[WORK TASK]: Nothing is needed except the lines below that run from the one with "カバー 米軍MIL規格取得 ストラップホール付き(透明)" through the one with "Sur la terrasse, il", repeated exactly.

═══ DATASET

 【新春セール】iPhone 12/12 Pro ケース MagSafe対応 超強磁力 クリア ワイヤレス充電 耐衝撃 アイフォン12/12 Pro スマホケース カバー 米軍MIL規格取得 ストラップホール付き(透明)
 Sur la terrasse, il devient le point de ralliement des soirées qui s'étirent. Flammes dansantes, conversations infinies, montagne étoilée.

══════
═══ DATASET

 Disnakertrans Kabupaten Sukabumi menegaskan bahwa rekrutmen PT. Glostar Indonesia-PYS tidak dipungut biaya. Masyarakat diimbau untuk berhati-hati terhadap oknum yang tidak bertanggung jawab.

══════

[EXERCISE OUTPUT]:
 【新春セール】iPhone 12/12 Pro ケース MagSafe対応 超強磁力 クリア ワイヤレス充電 耐衝撃 アイフォン12/12 Pro スマホケース カバー 米軍MIL規格取得 ストラップホール付き(透明)
 Sur la terrasse, il devient le point de ralliement des soirées qui s'étirent. Flammes dansantes, conversations infinies, montagne étoilée.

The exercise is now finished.